= Data for processing =

= = = = = = =

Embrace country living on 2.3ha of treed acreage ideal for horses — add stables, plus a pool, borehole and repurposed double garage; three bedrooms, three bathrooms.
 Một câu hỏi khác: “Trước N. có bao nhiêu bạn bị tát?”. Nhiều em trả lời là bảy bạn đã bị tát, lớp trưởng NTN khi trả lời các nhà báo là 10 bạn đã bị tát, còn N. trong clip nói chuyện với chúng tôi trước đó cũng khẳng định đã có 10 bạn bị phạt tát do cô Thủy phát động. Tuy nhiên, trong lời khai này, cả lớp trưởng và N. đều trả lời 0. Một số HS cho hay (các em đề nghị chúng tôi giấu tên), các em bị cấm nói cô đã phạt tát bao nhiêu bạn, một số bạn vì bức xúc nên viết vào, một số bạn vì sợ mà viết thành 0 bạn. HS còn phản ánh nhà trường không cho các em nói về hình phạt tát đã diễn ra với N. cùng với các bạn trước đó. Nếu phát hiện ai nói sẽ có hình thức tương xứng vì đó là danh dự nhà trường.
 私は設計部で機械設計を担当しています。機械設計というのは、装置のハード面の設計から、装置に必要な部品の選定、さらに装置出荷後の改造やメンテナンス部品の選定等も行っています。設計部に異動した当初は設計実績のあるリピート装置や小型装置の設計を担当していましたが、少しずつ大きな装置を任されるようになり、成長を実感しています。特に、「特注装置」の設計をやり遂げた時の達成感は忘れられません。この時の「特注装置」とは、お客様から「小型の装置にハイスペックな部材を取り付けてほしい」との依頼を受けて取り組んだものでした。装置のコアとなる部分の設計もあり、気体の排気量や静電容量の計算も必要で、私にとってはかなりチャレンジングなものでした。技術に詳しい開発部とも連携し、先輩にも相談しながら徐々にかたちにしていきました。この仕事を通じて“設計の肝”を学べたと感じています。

= = = = = = =

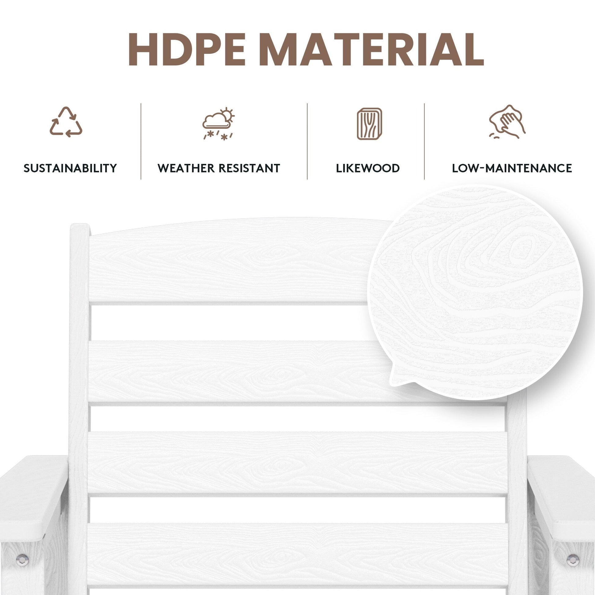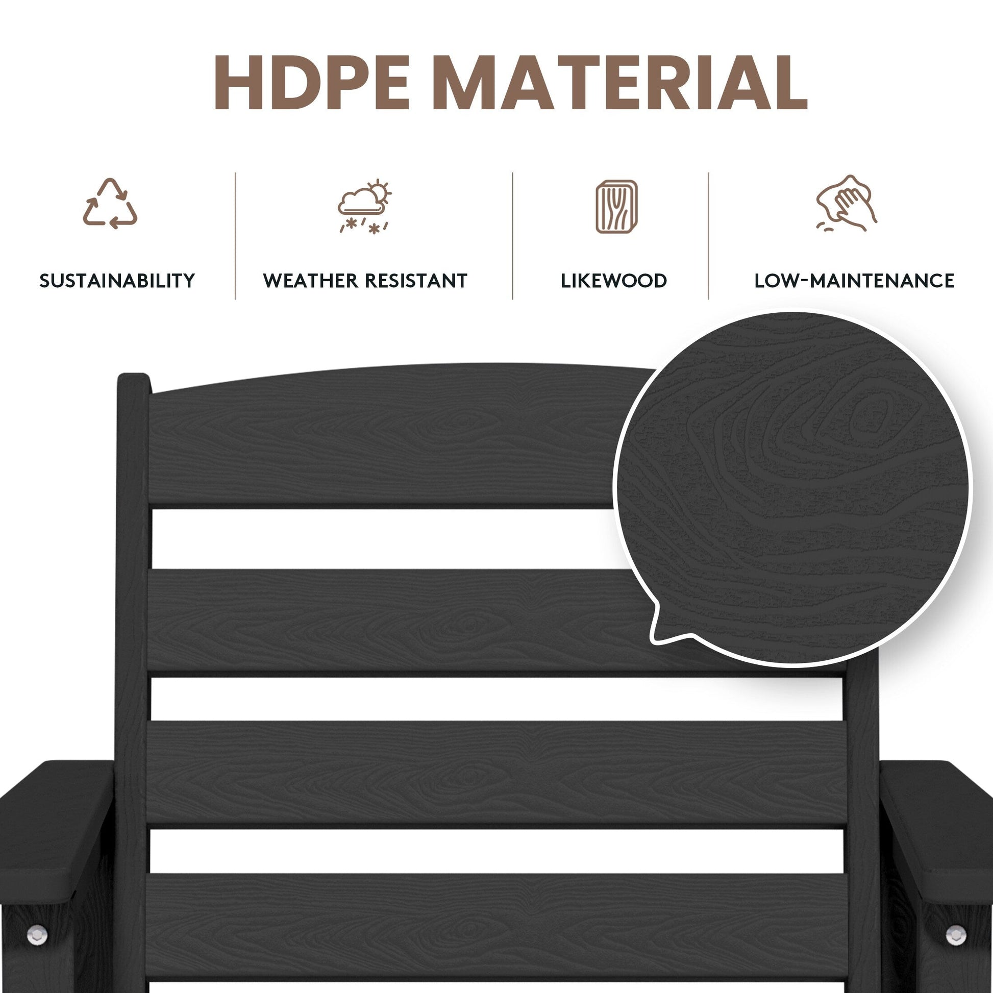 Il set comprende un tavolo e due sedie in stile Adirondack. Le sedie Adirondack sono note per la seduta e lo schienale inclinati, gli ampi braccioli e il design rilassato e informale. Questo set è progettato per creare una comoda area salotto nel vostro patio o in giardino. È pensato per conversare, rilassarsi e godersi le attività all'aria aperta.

= = = = = = =

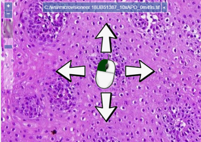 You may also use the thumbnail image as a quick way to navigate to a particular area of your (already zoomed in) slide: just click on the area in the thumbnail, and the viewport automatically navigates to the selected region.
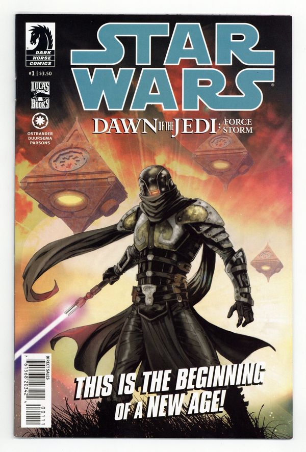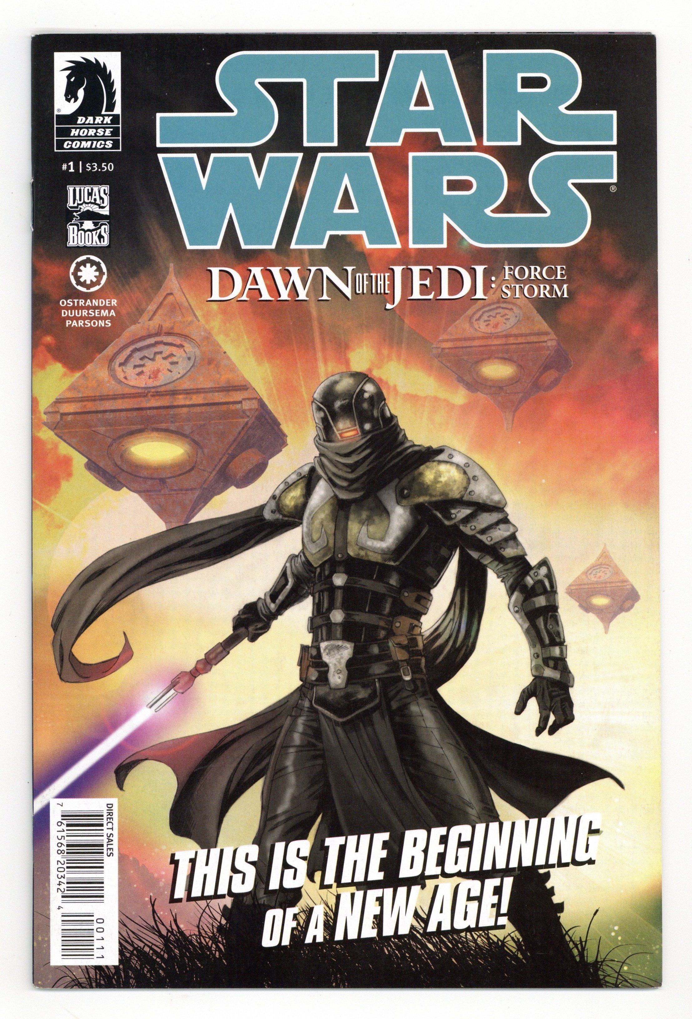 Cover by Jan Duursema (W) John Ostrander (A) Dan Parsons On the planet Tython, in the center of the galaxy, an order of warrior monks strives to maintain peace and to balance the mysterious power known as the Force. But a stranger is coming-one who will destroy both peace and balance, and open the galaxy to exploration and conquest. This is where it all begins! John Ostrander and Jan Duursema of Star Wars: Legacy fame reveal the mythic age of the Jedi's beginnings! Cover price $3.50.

= = = = = = =

= Task instructions =
What you return from the records above should be exactly everything from the line with "You may also" down to the line with "Cover by Jan", both kept, and no pictures.

= Completed task =
 You may also use the thumbnail image as a quick way to navigate to a particular area of your (already zoomed in) slide: just click on the area in the thumbnail, and the viewport automatically navigates to the selected region.
 Cover by Jan Duursema (W) John Ostrander (A) Dan Parsons On the planet Tython, in the center of the galaxy, an order of warrior monks strives to maintain peace and to balance the mysterious power known as the Force. But a stranger is coming-one who will destroy both peace and balance, and open the galaxy to exploration and conquest. This is where it all begins! John Ostrander and Jan Duursema of Star Wars: Legacy fame reveal the mythic age of the Jedi's beginnings! Cover price $3.50.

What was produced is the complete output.